Liputan6.com, Yogyakarta - Memasuki penghujung tahun 2017, Indonesia masih dihadapkan pada tantangan serius di wilayah siber. Diperlukan konsep yang tepat, sehingga bisa diwujudkan kehidupan siber yang ber-Pancasila di Tanah Air. Apalagi, saat ini, begitu banyak berita yang tidak jelas kebenarannya dan cenderung mendorong masyarakat dalam perpecahan.
Pakar keamanan siber, Pratama Persadha menjelaskan, memang diperlukan aturan dan teladan dalam kehidupan siber di Tanah Air. Pemerintah bisa memberikan aturan yang jelas. Sementara, masyarakat bisa secara sendiri ataupun bersama-sama membangun konten positif.
"Dalam kehidupan siber bernapaskan Pancasila, kita punya tujuan tidak hanya berkehidupan yang aman dan damai. Lebih dari itu lewat teknologi dan wilayah siber kita bisa meningkatkan daya saing sekaligus kesejahteraan masyarakat," ucap chairman lembaga riset keamanan siber CISSReC dalam seminar nasional bertajuk "Sains dan Teknologi Pancasila untuk Keagungan Bangsa" di Rektorat Universitas Negeri Yogyakarta, Rabu, 4 Oktober 2017.
Pada seminar tersebut hadir pula sebagai pembicara adalah Sri Sultan HB X, Rektor UNY Sutrisna Wibawa, dan pendiri Lippo Group Mochtar Riady. Dengan keamanan siber terkait visi Yogyakarta menjadi Cyber Province 2019, Pratama menegaskan, media sosial dapat menjadi pintu masuk informasi paling utama yang dapat menjadi sarana promosi murah, cepat, dan tepat sasaran. Namun demikian, diingatkan dia, keamanan data dan informasi digital harus menjadi prioritas penting.
Baca Juga
Advertisement
"Mengingat pada 2015, jumlah kasus kejahatan siber di Indonesia meningkat signifikan hingga 389 persen dari tahun 2014," Pratama menambahkan.
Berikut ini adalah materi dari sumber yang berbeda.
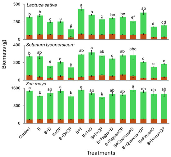Aerial (green) and root (brown) biomass from a field experiment on treated seeds with various seed coatings in L. sativa, S. lycopersicum, and Z. mays. Different letters indicate statistically significant differences according to Tukey’s HSD test following ANOVA (p < 0.05). D: digestate, B: biochar, OP: olive pomace, T: Trichoderma harzianum. Fagus, Quercus, and Pinus refer to the addition of forest-derived natural microbiomes. Error bars represent standard deviation.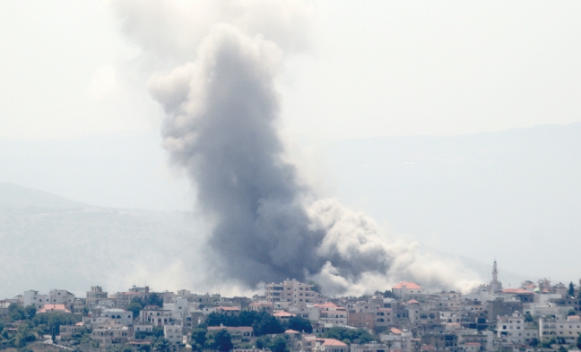 19日,黎巴嫩南部希亚姆遭以军空袭后冒出浓烟。(法新社)
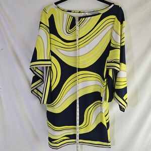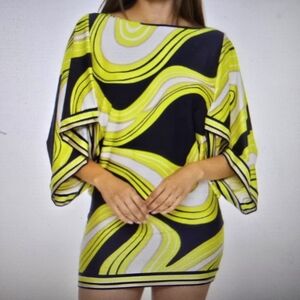 Trina Turk Serena Swirl Yellow Navy Stretch Swim Cover Up Dress Tunic Mini Small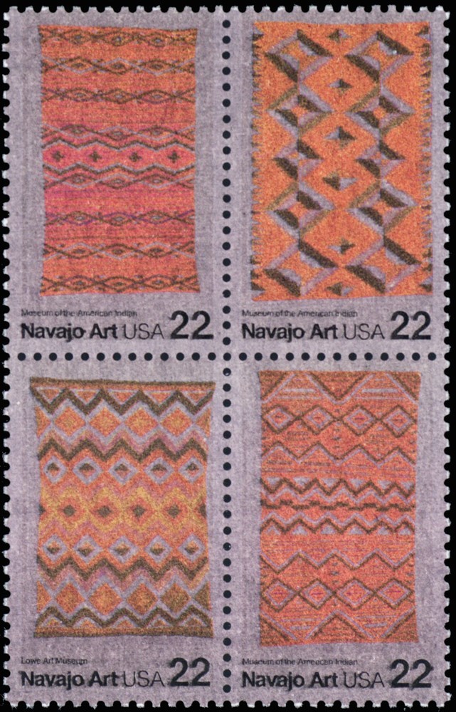 2238a, Big Solvent Smear ERROR Block of Four 22¢ Navajo Art MNH - Stuart Katz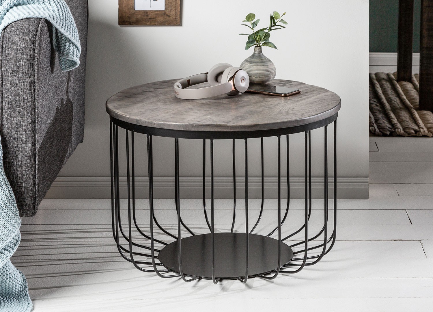 Table Basse Ronde Bois D Acacia Gris Et Metal Cbc Meubles
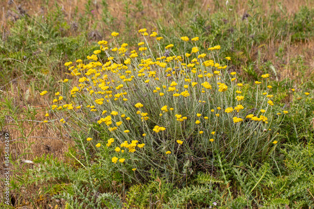 Close up view of helichrysum arenarium, immortel, dwarf everlast sunny yellow flowers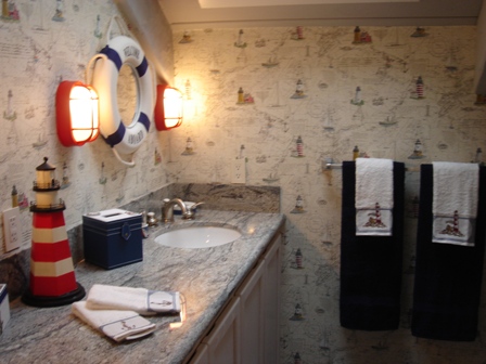 Nautical Bathroom Project Price Granite Countertop $2,000 Paint & Wallcovering including installation $1,000 Nautical Light Fixtures (set of two) $225 Undercounter Sinks & Faucets $450 Nautical Mirrors (set of two) $100 Nautical decorator accents & towels $200 Designer Fee $300 Project Fees $250 Total Nautical Bathroom Project $4,525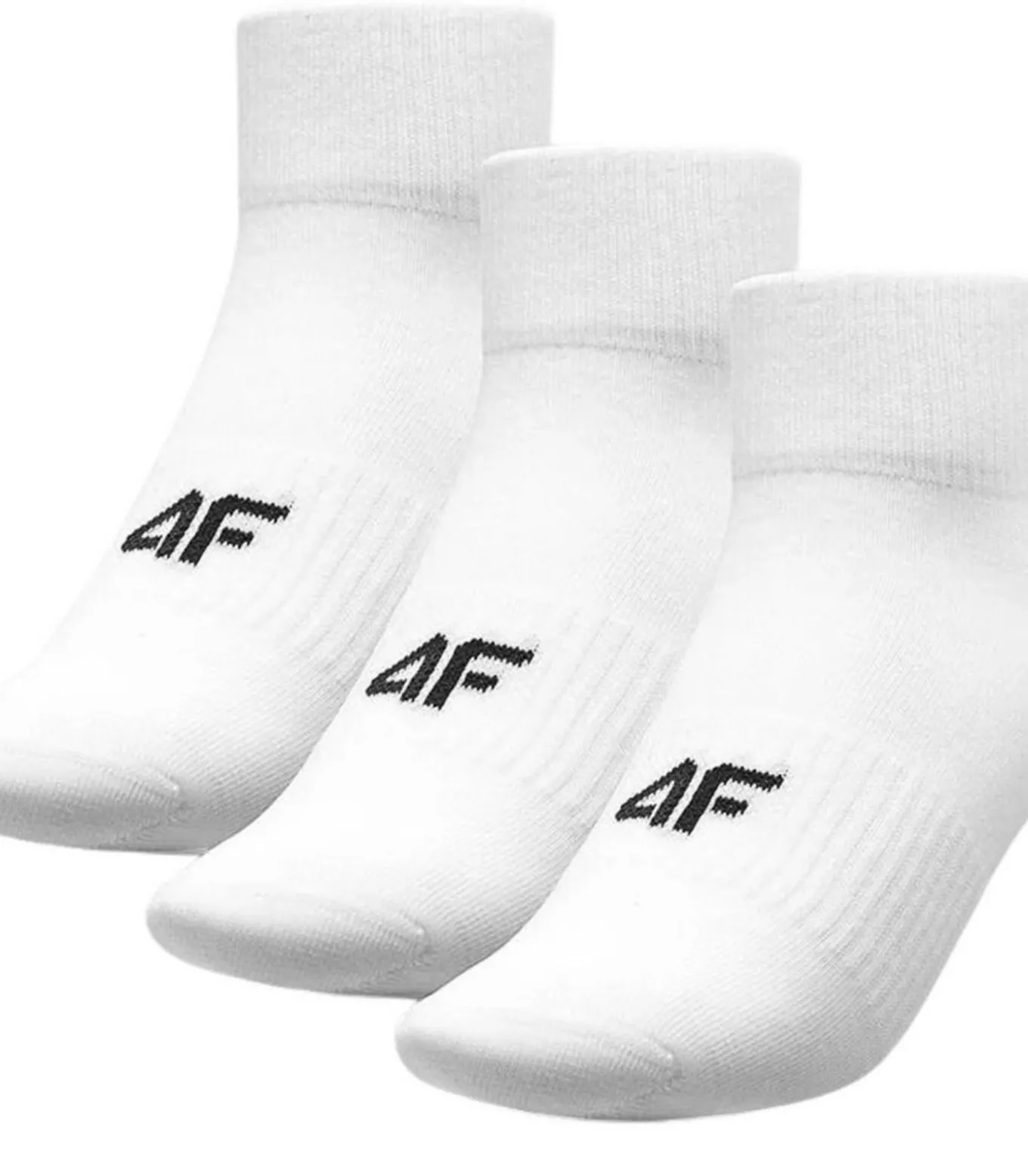 4F–sokkenmodel 4FAW23USOCM204 – deze witte sokken zijn gemaakt van 72% katoen, 26% polyamide en 2% elastiek. Het materiaal is gebreid en het ontwerp draagt het logo afgedrukt. Deze sokken hebben elastieke eigenschappen, zodat ze ademend zijn en duurzaam. Ze hebben een elastische manchet en versterkte hiel en teen. Het pasbeeld is strak.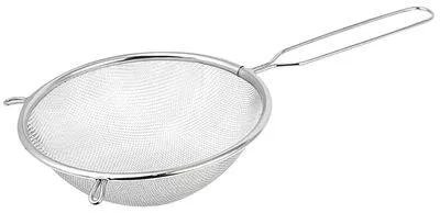 A 20 cm átmérőjű rozsdamentes acél szita öntésre, szűrésre és paszírozásra alkalmas. Hosszú nyele van, kiváló háztartási segítő.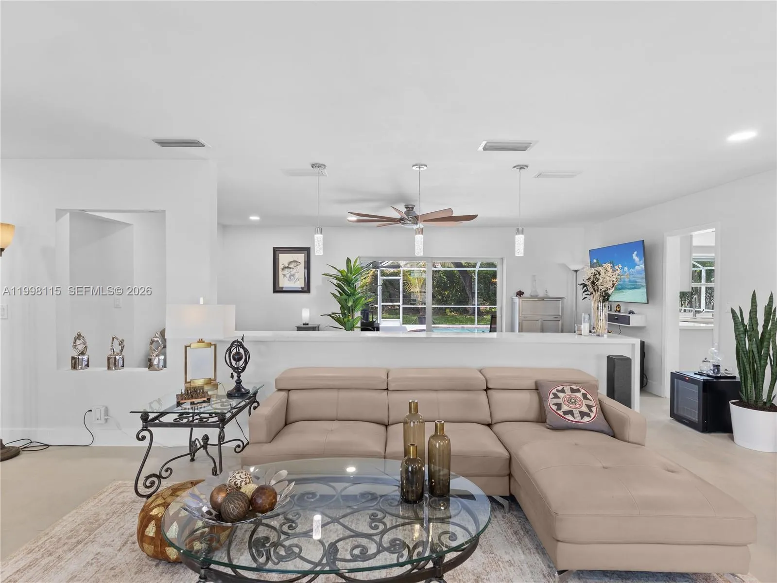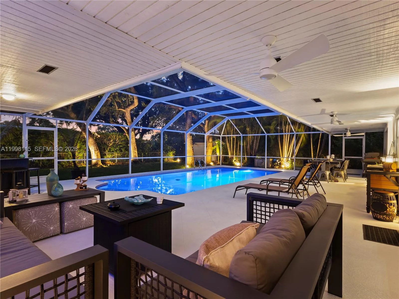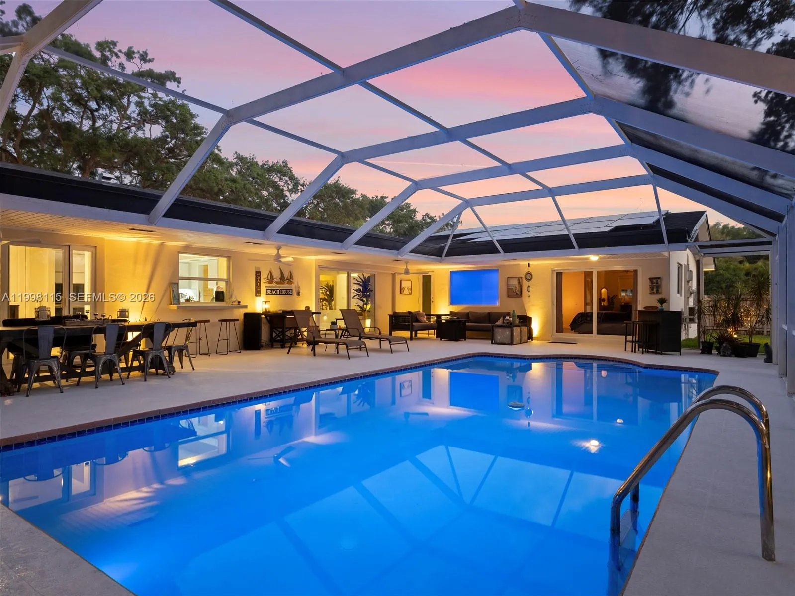 Fully Renovated Palmetto Bay Retreat | Designer Finishes | Resort-Style Pool & Outdoor Living. Experience refined South Florida living in this fully renovated residence located in the heart of Palmetto Bay. Thoughtfully redesigned with a focus on modern elegance, comfort, and functionality, this home offers a seamless blend of indoor sophistication and outdoor lifestyle. From the moment you arrive, the property stands out with its clean architectural lines, updated exterior, and striking evening presence. Inside, expansive living areas flow effortlessly, enhanced by new flooring throughout, abundant natural light, and a warm contemporary aesthetic. The kitchen has been tastefully remodeled with modern finishes, sleek cabinetry, and an open layout ideal for both everyday living and entertaining. Multiple living areas provide flexibility for hosting, relaxing, and family life. The primary suite offers a private retreat with a fully updated bathroom featuring spa-inspired design and high-end finishes.rnThe outdoor space is a true highlight. The covered terrace and screened pool enclosure create a private, resort-style setting, complemented by custom landscape lighting and mature greenery—perfect for both quiet evenings and entertaining guests. New Roof 2026, Full Impact Windows & Doors, Turn Key/Move in Ready, Large Lot (17,000 SQ FT), No HOA.

Mengutip data dari Microsoft Indonesia, pemerintah dan masyarakat seringkali abai terhadap bahaya ancaman siber ini. Pemerintah kerap mampu membangun teknologi sistem siber yang handal dan terkoneksi dengan standar enterprise, namun acap alpa terhadap pengamanannya.
"Padahal semakin banyak sistem siber yang terkoneksi maka semakin rentan terdampak serangan jika tak disiapkan pengamanan yang memadai," kata Pratama.
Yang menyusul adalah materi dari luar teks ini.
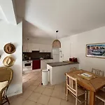 Mini-Villa A 5 Minutes De La Plage De Santa Giulia comprend un réfrigérateur et un four dans une kitchenette pour cuisiner. Vous pourrez déguster des plats modernes à Carré Noir, situé assez proche de villa.
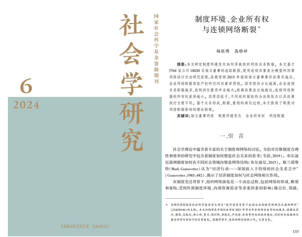 社会学系青年教师杨张博教授与高雅婷硕士生合作完成的论文《制度环境、企业所有权与连锁网络断裂》发表于社会学领域权威期刊《社会学研究》2024年第6期。黑料网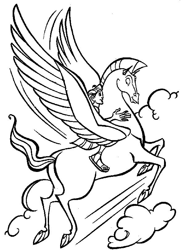 Descriere: Coloreaza plansa cu supereroul din mitologie, Hercule care taie vazduhul cu Pegas, calul sau inaripat.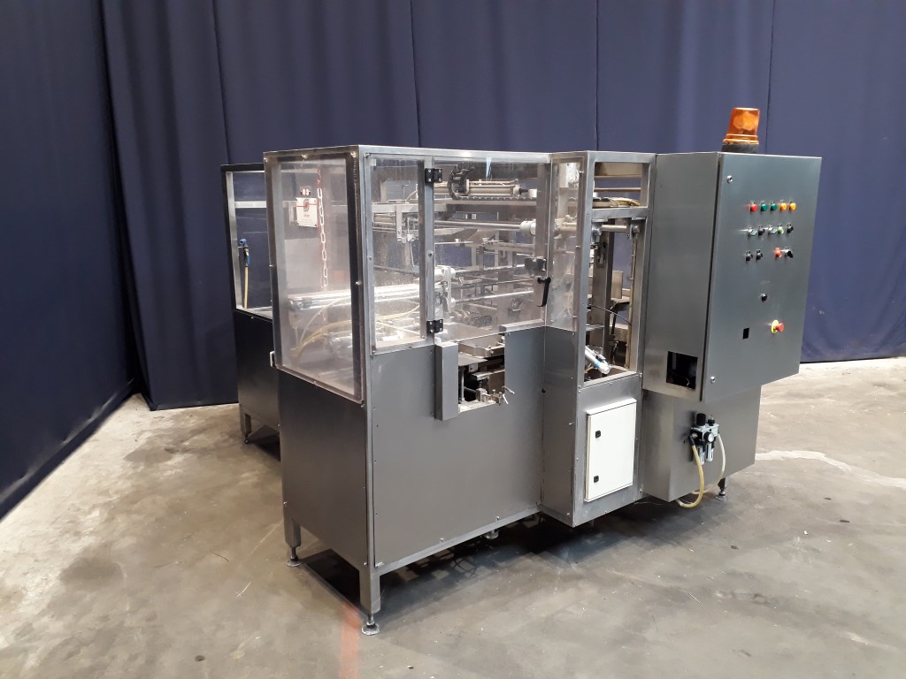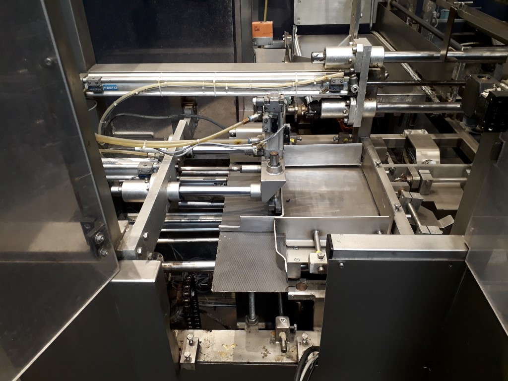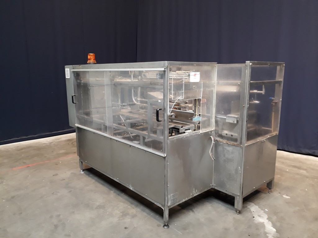 Fully automatic case packer for butter packages in a carton box. Currently set for 250 gram packages of 108 x 63 x 39 mm, pack scheme 5x2x4 = 40 packages of 250 gram in 1 box (10 kg per box). Type of cartons: American folding box. Including infeed and outfeed conveyor. Spare parts manual and electric scheme available. Had been running together with a SIG FD140, STN12176.

Hal yang sama terjadi di level masyarakat. Survei Kaspersky menunjukkan bahwa 58 persen masyarakat Indonesia tak percaya mereka menjadi target serangan siber. Hasil ini dikuatkan hasil survei lembaga keamanan CISSReC yang mencatat bahwa 67 persen masyarakat 10 kota besar di Tanah Air, tidak mengindahkan imbauan Kominfo saat terjadi serangan wannacry, beberapa waktu lalu.
"Menjadi PR kita untuk bersama-sama meningkatkan kesadaran soal keamanan siber ini," ujar pria asal Cepu, Jawa Tengah ini.
Menindaklanjuti hal itu, menurut Pratama, ada tiga hal yang perlu diperhatikan terkait pengamanan siber ini. Pertama, penguatan SDM baik di pemerintahan maupun di masyarakat. Kedua, penguatan infrastruktur siber. Terakhir, peningkatan standar keamanan siber di semua sektor.
"Yogyakarta sendiri bisa menjadi contoh kehidupan siber ber-Pancasila dengan pemanfaatan wilayah siber oleh pemerintah, pelaku usaha, dan masyarakat dengan optimal. Namun, tidak lupa juga diikuti oleh keamanan siber yang mumpuni menyertai pemanfaatan kemajuan teknologi tersebut,” Pratama memungkasi.
Adapun Sultan HB X dalam kesempatan tersebut menekankan pentingnya pemerintah mengonsolidasikan teknologi siber untuk mendorong kesejahteraan rakyat. Sementara, Rektor UNY mengungkapkan berbagai aspek etis dalam penggunaan teknologi siber.